Take me home: hotels are setting occupancy and rate records, but can they capture the cool factor?

AuthorWilliams, Allison
PositionNC TREND: Travel & tourism

Dogs in the hotel lobby are so last year; what's next is to take one home. Hotel guests once preferred predictability --same deep-red Marriott carpet, same standard lobby restaurant--but now they want homey. This summer vacation, there's no telling what a hotel might do to create a home-away-from-home feeling, only better. Look for slippers, hair dryers from blowout salon chain Drybar, yoga mats and scent diffusers. Downstairs, front desks have been traded in for "hosted arrival" and "curators" who recommend a great nearby restaurant--and their favorite dish.

Much has changed since Randy Hassen grew up traveling to hotels with his parents to running them as president of Tampa, Fla.-based McKibbon Hospitality. "The big word was consistency," he says. "The guest did not want any surprises." Many travelers now want to feel like locals, a trend driven by the rise of home-sharing websites such as Airbnb and VRBO. Goodbye pool and buffet. Hello local craft beer and single-origin coffee pourovers.

McKibbon is developing four new properties from Asheville to Charlotte, part of a statewide hotel boom with more than 17,430 rooms either in construction or planning stages. That's the equivalent of 11.5% of total supply. Charlotte alone will see 3,700 rooms come online this year, according to Marcus & Millichap, a national commercial real-estate brokerage.
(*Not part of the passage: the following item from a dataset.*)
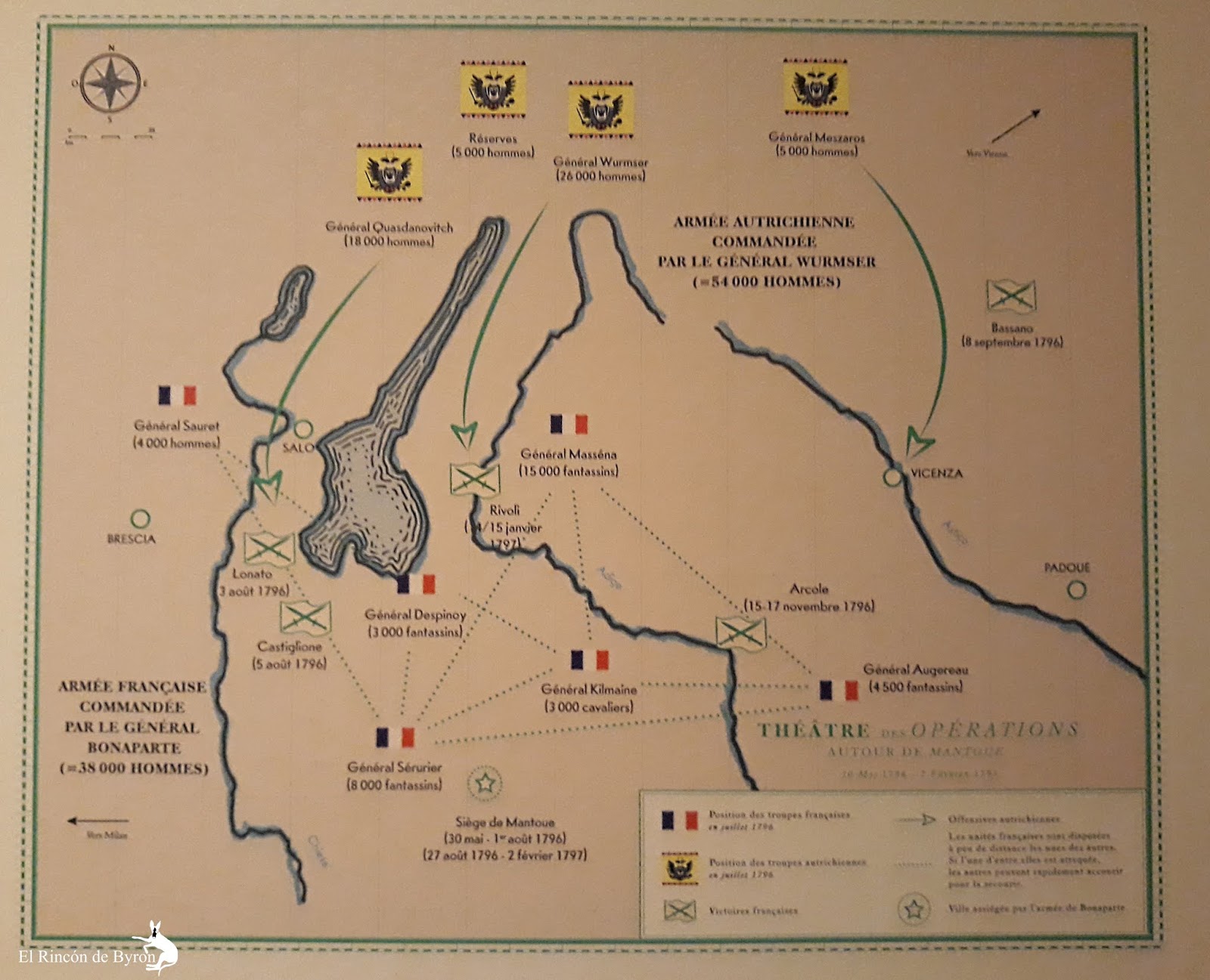 En mayo de 1796, el general Bonaparte cerca a 5.000 austriacos en la fortaleza de Mantua. Teme un contraataque que pueda socorrer a la villa. Sin conocer las intenciones del enemigo, adopta un dispositivo de estratégico a la espera. Reparte sus fuerzas para controlar el teatro de operaciones, guardando entre ellas una distancia razonable para permitir a cada división reforzar rápidamente a las otras en caso de ataque. Mantua capitula en febrero de 1797 después de la victoria de Bonaparte en Rivoli (13 y 14 de enero de 1797)

But Asheville is ground zero in the war to woo overnight guests. The mountain city's Airbnb hosts reported 404,000 stays and took in $13.1 million last year, or a quarter of the state's $51 million total, according to the San Francisco-based company. While that's a fraction of North Carolina's $3.5 billion hotel industry, Airbnb's soaring growth--revenue more than doubled last year and profits are projected to reach $3.5 billion by 2020--has hotel proprietors rethinking hospitality.
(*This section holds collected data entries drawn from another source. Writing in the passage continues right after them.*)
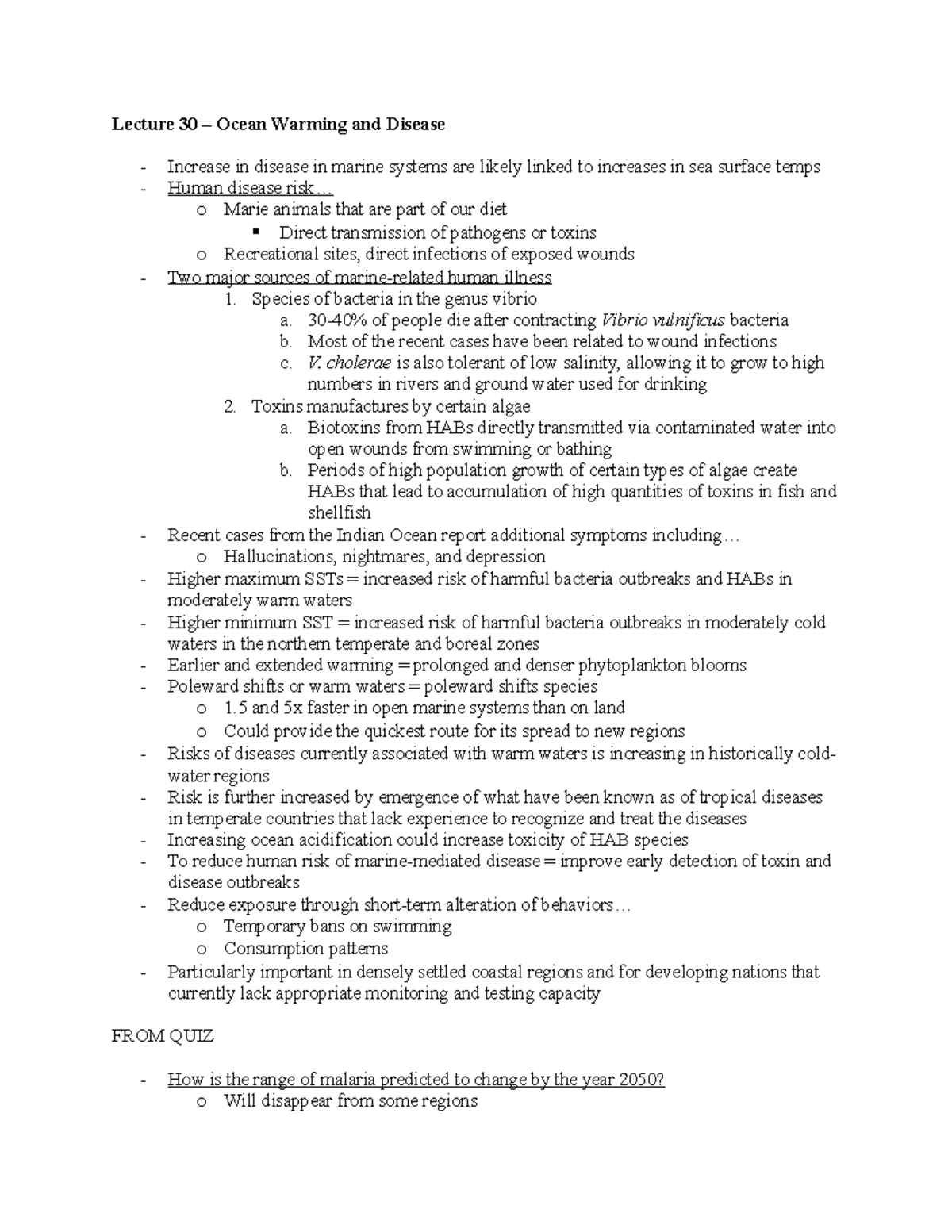 Lecture 30 – Ocean Warming and Disease - Lecture 30 – Ocean Warming and ...
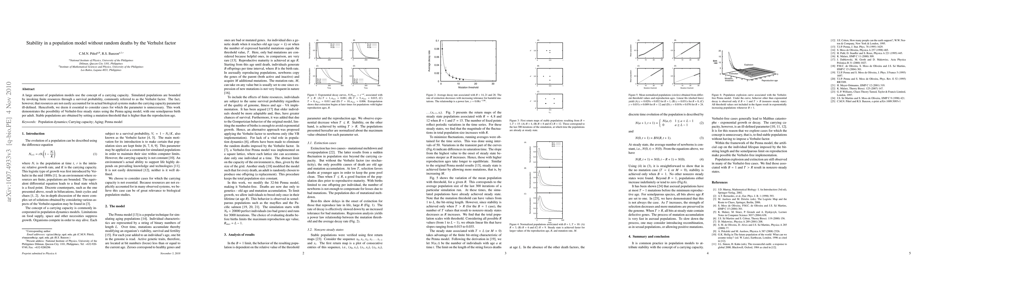 A large amount of population models use the concept of a carrying capacity. Simulated populations are bounded by invoking finite resources through a survival probability, commonly referred to as the Verhulst factor. The fact, however, that resources are not easily accounted for in actual biological systems makes the carrying capacity parameter ill-defined. Henceforth, we deem it essential to consider cases for which the parameter is unnecessary. This work demonstrates the possibility of Verhulst-free steady states using the Penna aging model, with one semelparous birth per adult. Stable populations are obtained by setting a mutation threshold that is higher than the reproduction age.
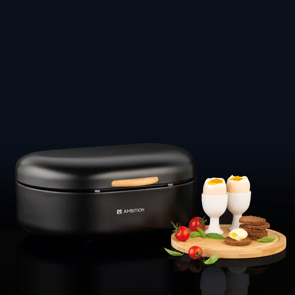 Portapane Ambition, acciaio, Contenitore per il pane con manico in legno, nero, 35 cm, Olivier
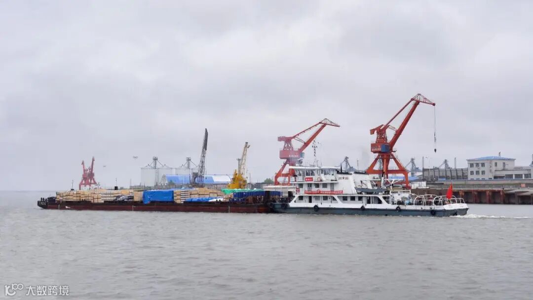 在同江口岸西部作业区水运码头,海关、边检、海事等联检部门协同作业,对即将出航的货运船只进行全面细致检查,确保航行安全与通关顺畅。15时48分,装载着建筑材料、工程机械等货物的千吨级驳船划破江面,正式开启今年首航运输。
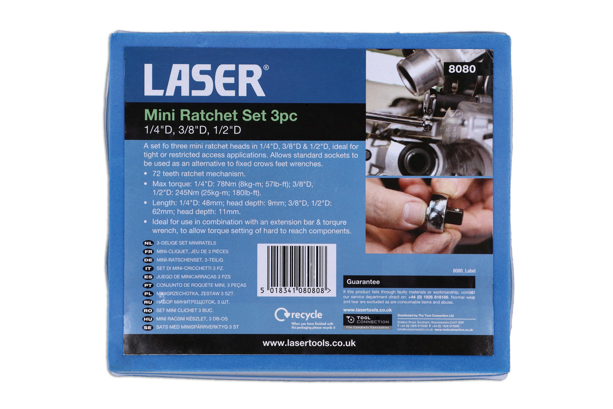 • Ratschen auch einzeln erhältlich, siehe dazu Laser Teile-Nr. 8077 (1/4"-Antrieb), 8078 (3/8"-Antrieb), 8079 (1/2"-Antrieb).
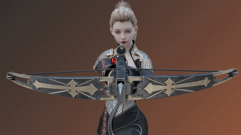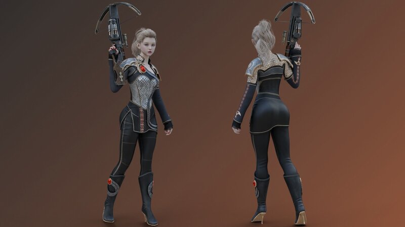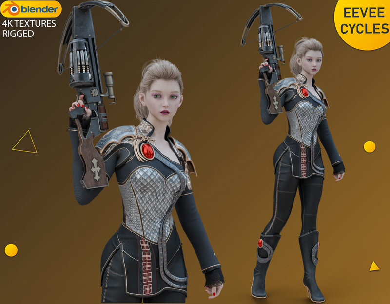 Cute Girl with Steampunk Crossbow Fighter Armor Suit - Rigged - Low-poly 3D model

Guests who check in to Aloft Asheville can linger in the lobby to play pool or strum a guitar in the musician's corner, but many visitors never make it past the doggie pen. "Picture our front desk," says General Manager David McCartney. "Our doggie play pen is right beside it. People come off the elevator, park their suitcase, but the minute they see the dog, they're completely disarmed and so comfortable, they almost forget to check in." Since the McKibbon-owned hotel started fostering dogs 2 1/2 years ago, Charlie's...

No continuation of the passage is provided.